— EXERCISE DESCRIPTION —
Starting with the line below that holds "على Gate Layer،" and stopping after the line that holds "A complete, statement-led", transcribe the lines exactly, leaving out all pictures.

— ENTRIES PROVIDED —
○ ○ ○ ○

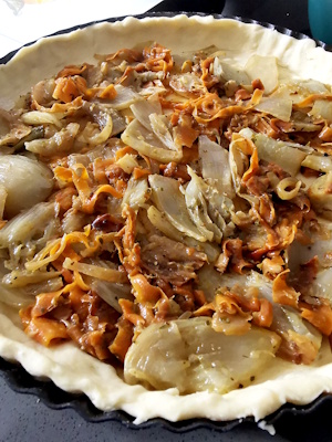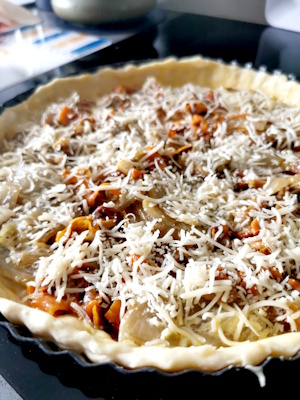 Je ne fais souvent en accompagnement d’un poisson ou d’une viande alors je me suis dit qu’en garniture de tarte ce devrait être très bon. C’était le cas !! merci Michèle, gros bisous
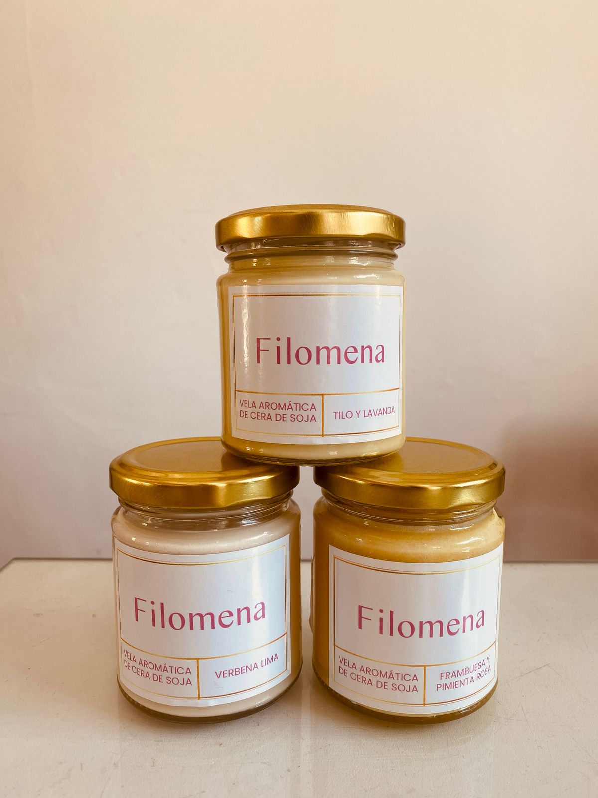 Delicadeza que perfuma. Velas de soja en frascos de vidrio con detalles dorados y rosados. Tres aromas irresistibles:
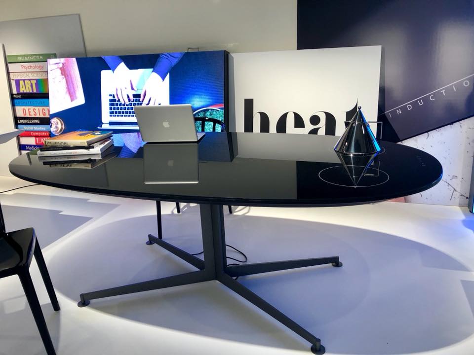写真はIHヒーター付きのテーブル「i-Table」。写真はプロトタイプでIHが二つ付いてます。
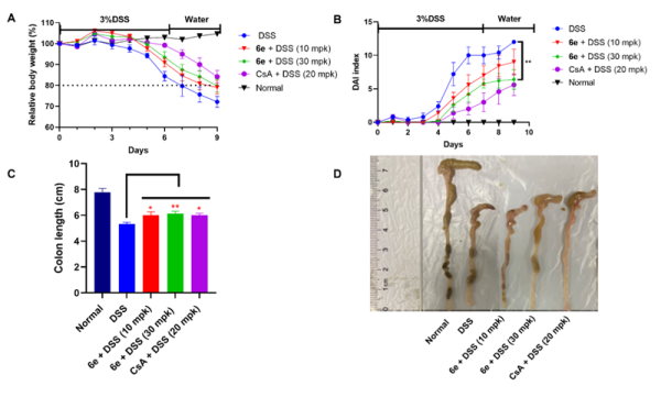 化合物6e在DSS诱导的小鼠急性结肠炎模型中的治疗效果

○ ○ ○ ○

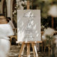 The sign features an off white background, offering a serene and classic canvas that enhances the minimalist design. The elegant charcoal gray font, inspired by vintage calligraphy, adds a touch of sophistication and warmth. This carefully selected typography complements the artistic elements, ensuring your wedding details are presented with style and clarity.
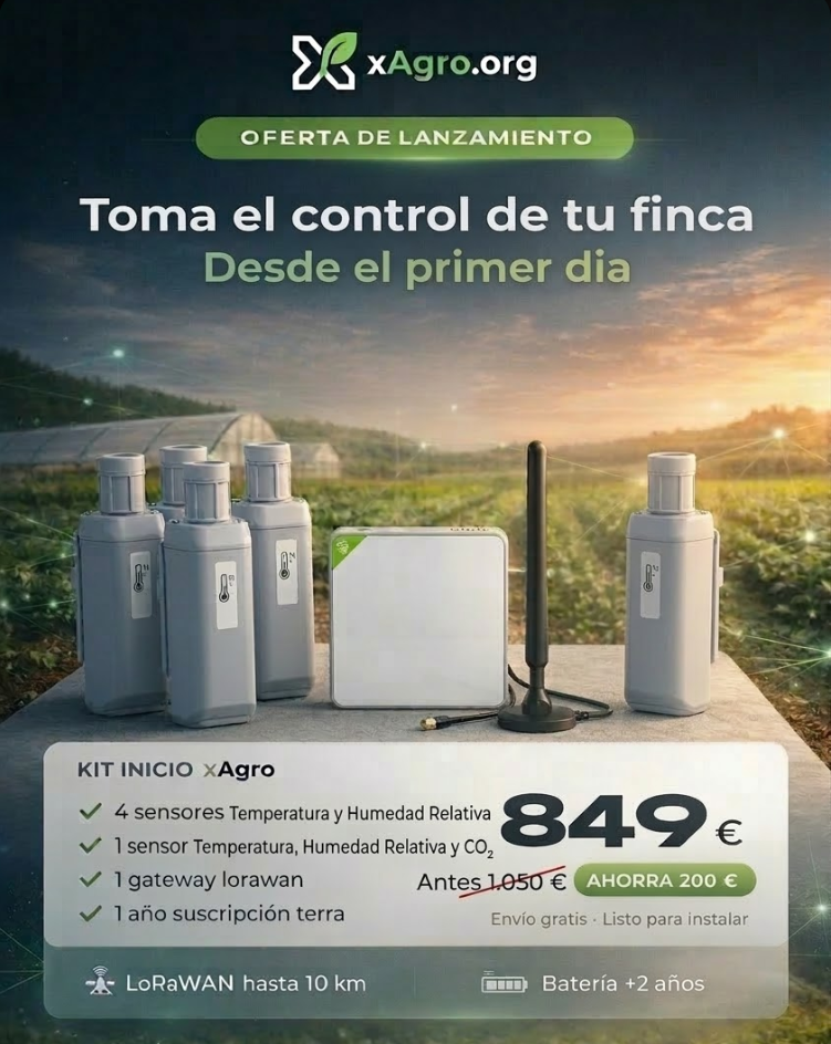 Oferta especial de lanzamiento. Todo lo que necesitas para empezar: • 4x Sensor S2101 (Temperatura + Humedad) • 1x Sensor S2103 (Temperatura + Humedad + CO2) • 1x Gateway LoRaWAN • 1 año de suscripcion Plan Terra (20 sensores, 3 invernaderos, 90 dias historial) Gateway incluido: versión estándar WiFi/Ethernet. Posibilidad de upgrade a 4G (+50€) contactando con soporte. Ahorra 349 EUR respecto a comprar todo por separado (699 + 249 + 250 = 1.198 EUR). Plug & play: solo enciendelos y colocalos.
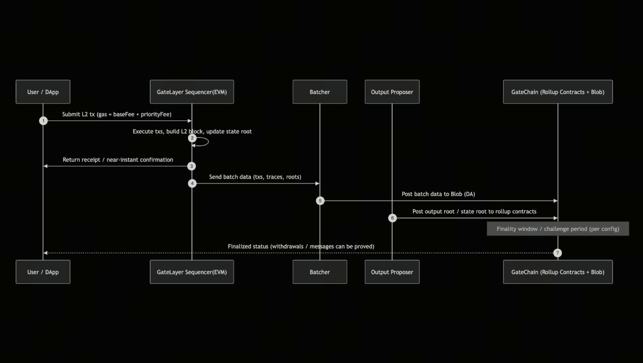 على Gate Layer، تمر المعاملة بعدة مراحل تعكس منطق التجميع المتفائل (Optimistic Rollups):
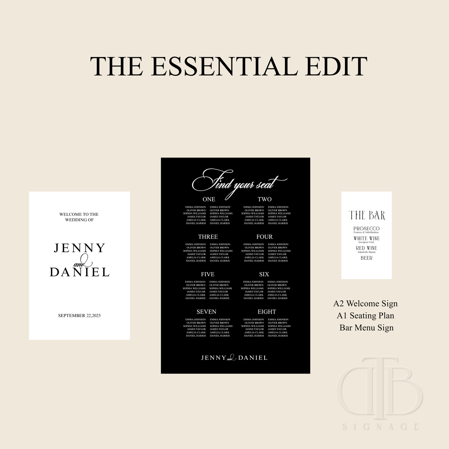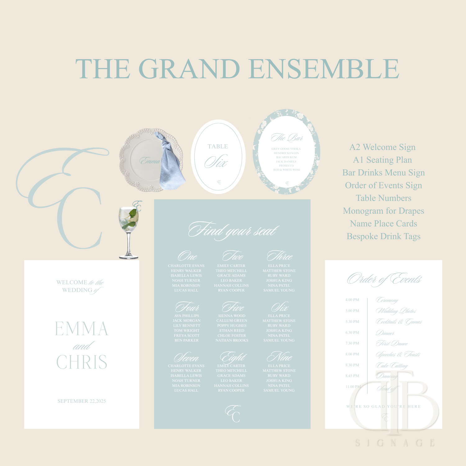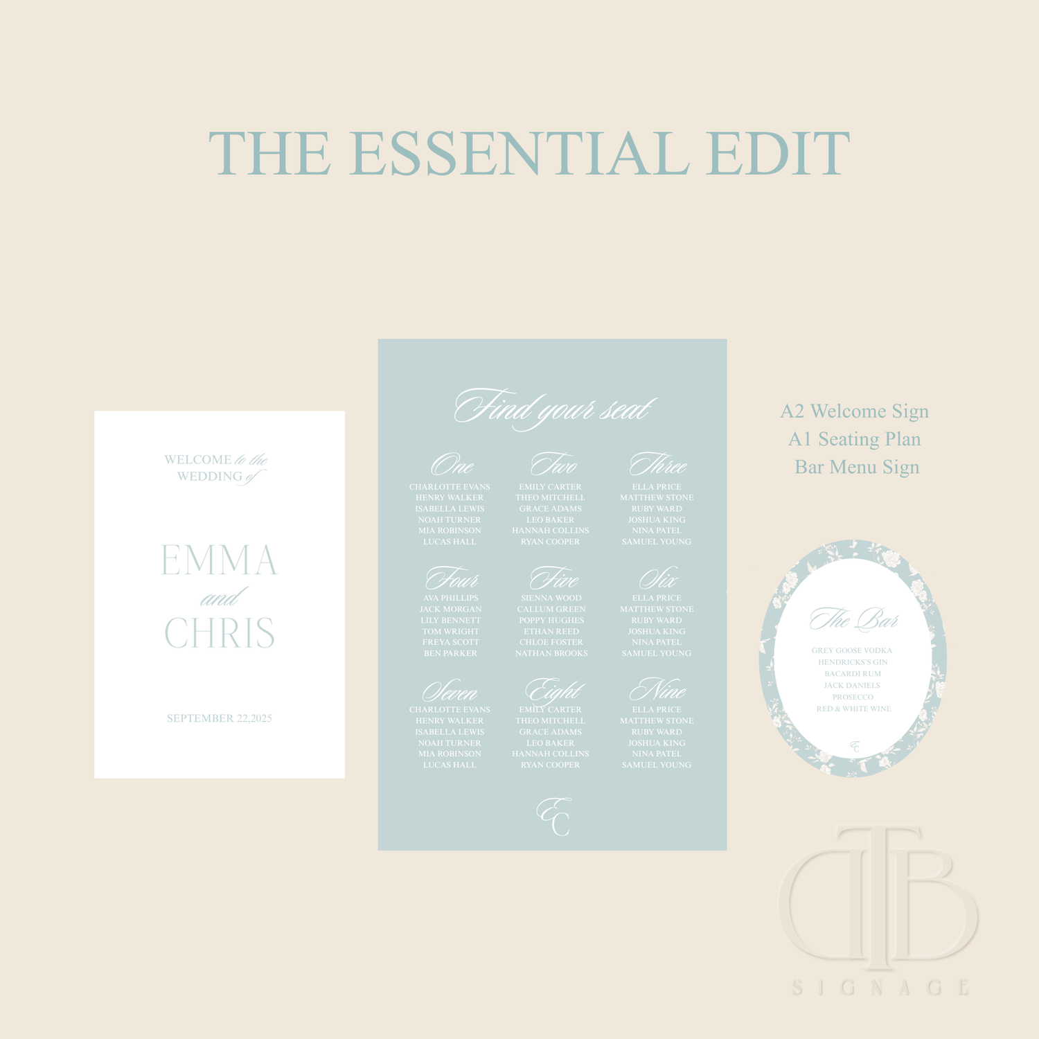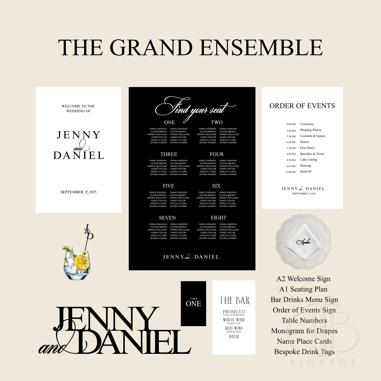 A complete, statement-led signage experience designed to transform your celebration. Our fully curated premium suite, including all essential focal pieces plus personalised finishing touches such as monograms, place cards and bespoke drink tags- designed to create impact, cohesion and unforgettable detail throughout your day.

○ ○ ○ ○

— SOLUTION —
 على Gate Layer، تمر المعاملة بعدة مراحل تعكس منطق التجميع المتفائل (Optimistic Rollups):
 A complete, statement-led signage experience designed to transform your celebration. Our fully curated premium suite, including all essential focal pieces plus personalised finishing touches such as monograms, place cards and bespoke drink tags- designed to create impact, cohesion and unforgettable detail throughout your day.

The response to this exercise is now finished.